- **RECORDS FOR THIS EXERCISE**:
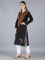 Delineation: Purchase this elegant and comfortable black chikan kurti online from Seva, is ideal for any fashionista. It has multi coloured rich and attractive chikan embroidery. Buy this classic kurti for any occasion, any festival and any party celebrations.
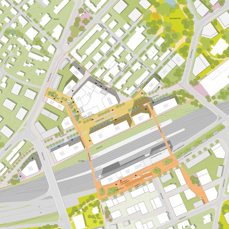 The plan focusses on three core areas: Bach-St. Fiden, the area of today‘s workshop and the Heiligkreuz district, which are located within the two existing city axes St. Jakobstrasse and Langgasse. An integral part of the future image of St. Fiden-Heiligkreuz is the development of a mobility concept that ensures the expected traffic flows for the core areas and enables a significant center function at St. Fiden station.
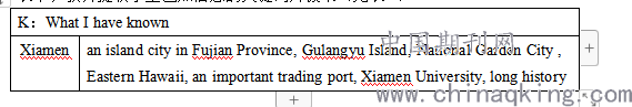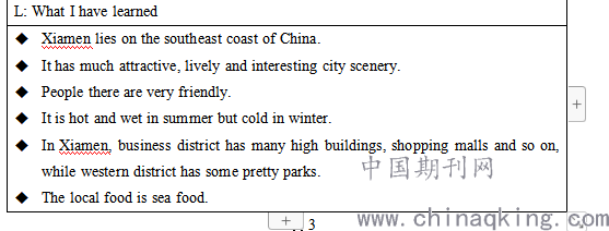 最后,教师播放厦门旅游宣传视频《看见厦门》,并设置情境:假如邀请你给厦门旅游宣传配上介绍文字,包括厦门的基本信息和特色内容,以此吸引游客前往厦门旅游。教师要求学生结合K表、W表和L表信息,课后完成介绍报告。
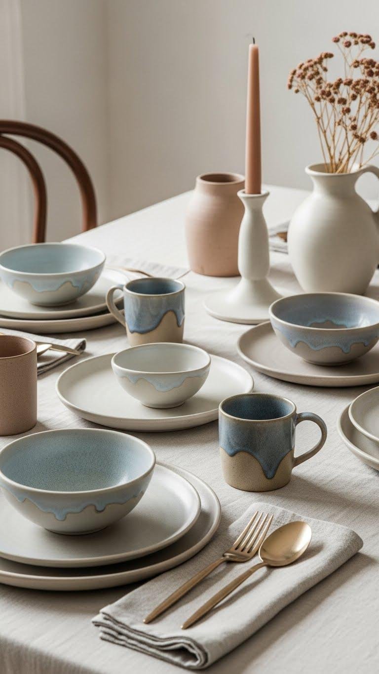 Mix plates, bowls and mugs in pale neutrals to create calm tablescapes. You’ll curate a minimalist, cozy look that celebrates craft and personal freedom without clutter.
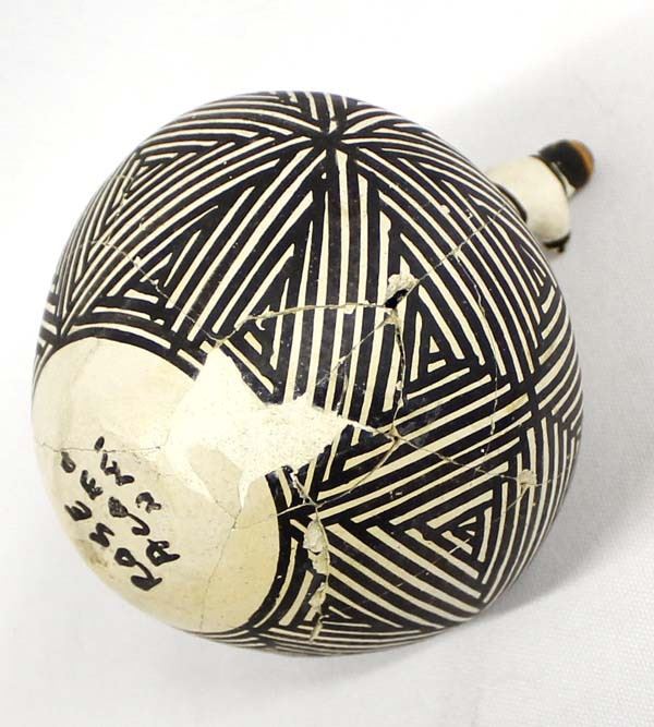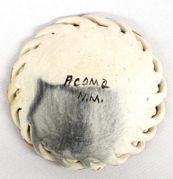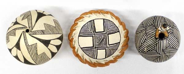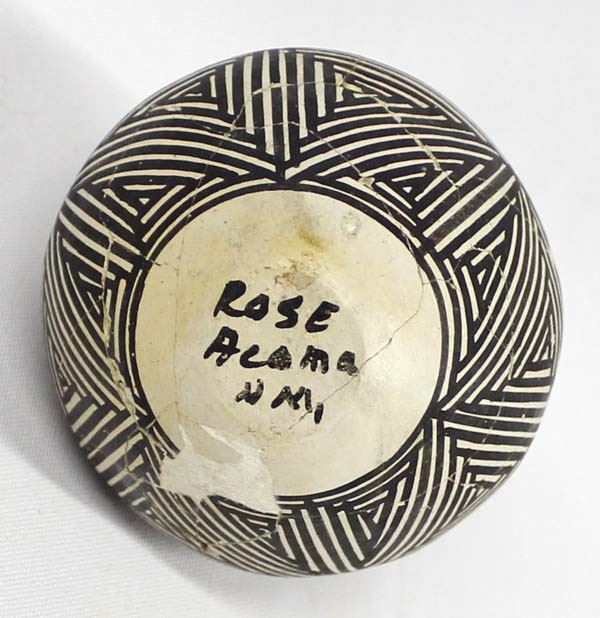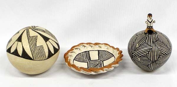 3 Pieces of Native American Acoma Pottery, largest measures 4.5'' x 4'' and includes 1. Early Native American Acoma Pottery Seed Jar by Rose Chino Garcia (1928-2000), measures 4.5'' x 3.5'' and is signed on the bottom, jar has been glued and is missing paint on the back 1''L x .5'' 2. Vintage Seed Jar by A. L. Chino, signed on the bottom 3. Vintage Shallow Bowl, measures 4.5'' x 1'', smeared ink stain on the bottom
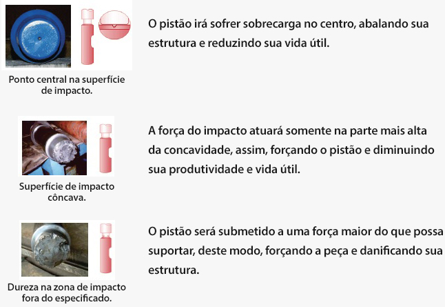 Veja abaixo alguns exemplos de falhas estruturais muito comuns em ponteiros não originais, e os danos que podem provocar no rompedor:

- **WORK REQUEST**: Drop the pictures and set down the data above exactly.

- **TASK ANSWER**:
 Delineation: Purchase this elegant and comfortable black chikan kurti online from Seva, is ideal for any fashionista. It has multi coloured rich and attractive chikan embroidery. Buy this classic kurti for any occasion, any festival and any party celebrations.
 The plan focusses on three core areas: Bach-St. Fiden, the area of today‘s workshop and the Heiligkreuz district, which are located within the two existing city axes St. Jakobstrasse and Langgasse. An integral part of the future image of St. Fiden-Heiligkreuz is the development of a mobility concept that ensures the expected traffic flows for the core areas and enables a significant center function at St. Fiden station.
 最后,教师播放厦门旅游宣传视频《看见厦门》,并设置情境:假如邀请你给厦门旅游宣传配上介绍文字,包括厦门的基本信息和特色内容,以此吸引游客前往厦门旅游。教师要求学生结合K表、W表和L表信息,课后完成介绍报告。
 Mix plates, bowls and mugs in pale neutrals to create calm tablescapes. You’ll curate a minimalist, cozy look that celebrates craft and personal freedom without clutter.
 3 Pieces of Native American Acoma Pottery, largest measures 4.5'' x 4'' and includes 1. Early Native American Acoma Pottery Seed Jar by Rose Chino Garcia (1928-2000), measures 4.5'' x 3.5'' and is signed on the bottom, jar has been glued and is missing paint on the back 1''L x .5'' 2. Vintage Seed Jar by A. L. Chino, signed on the bottom 3. Vintage Shallow Bowl, measures 4.5'' x 1'', smeared ink stain on the bottom
 Veja abaixo alguns exemplos de falhas estruturais muito comuns em ponteiros não originais, e os danos que podem provocar no rompedor:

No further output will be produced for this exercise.